Any help with his issue would be appreciated immensely, I'm still new to this area, and I'm finding it really interesting. I'll gladly answer any more details if need be. My complete code can be found here, if anybody dares delve into that.
Update:
I changed a couple of things:
- Fixed the weight/bias generation, previously they were only generating between 0 and 1.
- Edited my crossover method to return two children per set of parents instead of just one.
- Changed the fitness function to only be equal to the snake's age (For testing purposes)
- Changed the population variables
Now the algorithm performs better, the first generation usually find a snake with a fitness of 14-16, meaning that the snake does make turns to avoid death, however it almost always only goes downhill from there. The first snake will actually have achieved a tactic of turning when near the east and north/south edges, but never the west edge. After the first generation the fitness tends to only get worse, eventually going back down to the lowest possible fitness. I'm at a loss at what is going wrong, but I have a feeling it might be something large that I've overlooked.
Update #2:
Figured I might as well mention some things I tried that didn't work:
- Changed the nodes per hidden layer from 8 to 16, this made the snakes perform significantly worse.
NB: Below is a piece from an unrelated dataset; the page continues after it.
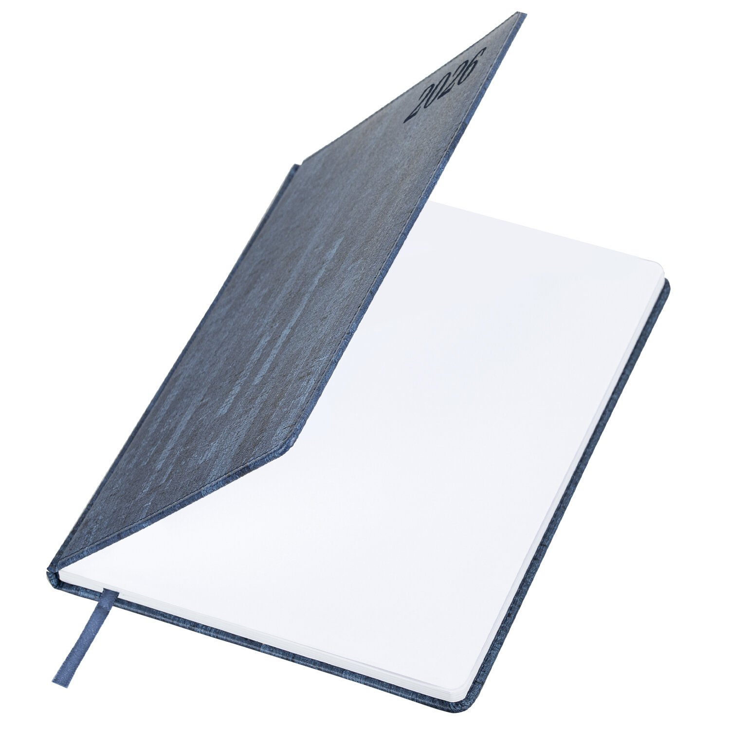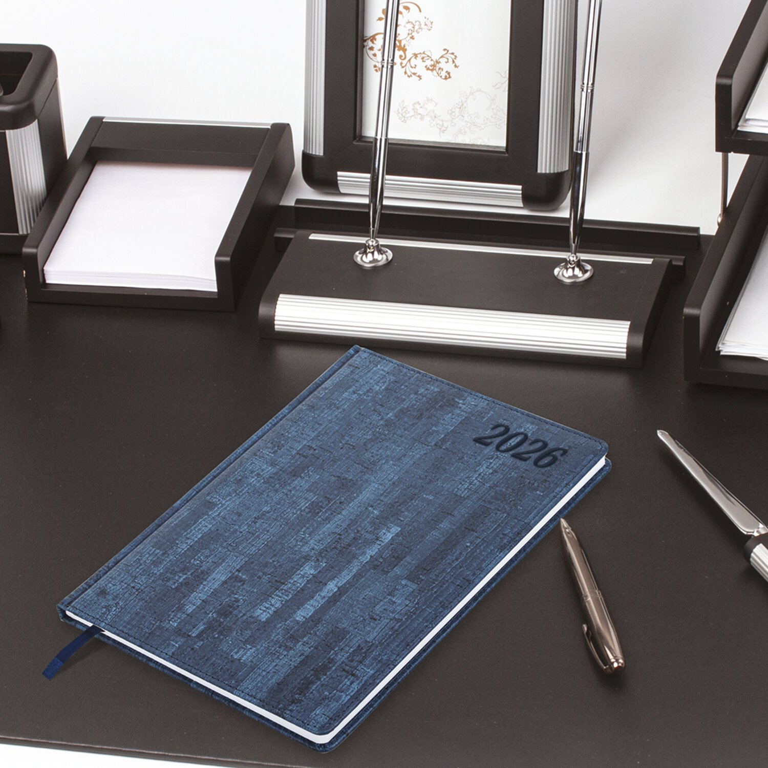 Еженедельник датированный 2026 БОЛЬШОЙ ФОРМАТ 210х297мм А4 BRAUBERG Wood, под кожу, синий, 117158

- Allowed the snake to turn back into itself, this also made the snakes perform worse.
- Large (I think they're large, not sure what a standard pop size is.) population sizes of ~1 000 000, with ~1000 parents, no positive change.
- 16 or 32 nodes per hidden layer, had seemingly little to no impact.
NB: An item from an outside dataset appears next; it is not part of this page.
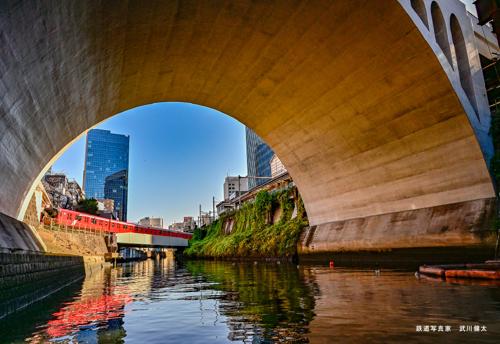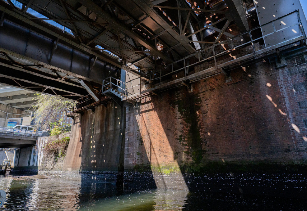 墨田川、日本橋川、神田川を船で巡り、水辺から見る建築を楽しむクルーズツアー。江戸から東京へ、水運によって発展してきた東京のまちと建築の変遷を、JR東日本社員がガイドします。かつて物流のメインとなっていた水辺に面する建築の数々は、陸地側から見るいつもの風景とは違う表情をしています。幾重もの橋、首都高橋脚、近隣の建物が交錯する一見カオスの様な景観、静水に映し出される虚像と実像のコンストラクト。都心にありながら非現実の世界に迷い込んだような特別空間を、屋根のないオープン船による圧巻の迫力で体験します。大人からお子様まで、ぜひお楽しみください。電車ファンも必見のツアーです。

- Fixed the mutate function to properly assign values between -1 and 1, no noticeable impact.
Update #3:
I changed a couple of things and started seeing better results. Firstly I stopped fruits from spawning to simplify the learning process, and instead gave the snakes a fitness that was equal to their age (how many turns/frames they survived), and after turning off normalization of the input array I got a snake with a fitness of 300! 300 is the maximum age a snake can have before dying of old age.
However the problem still exists in that after the first couple of generations the fitness will plummet, the first 1-5 generations may have a fitness of 300 (sometimes they don't, and have a low fitness instead, but I assume this is down to population size.), but after that the fitness of the generations will plummet down to ~20-30 and stay there.
Also if I turn fruits back on, the snakes get abysmal fitnesses again.Sometimes the first generation will achieve a snake capable of moving in loops and therefore getting a fitness of 300 without picking up any fruits, but this is almost never transferred to the next generation.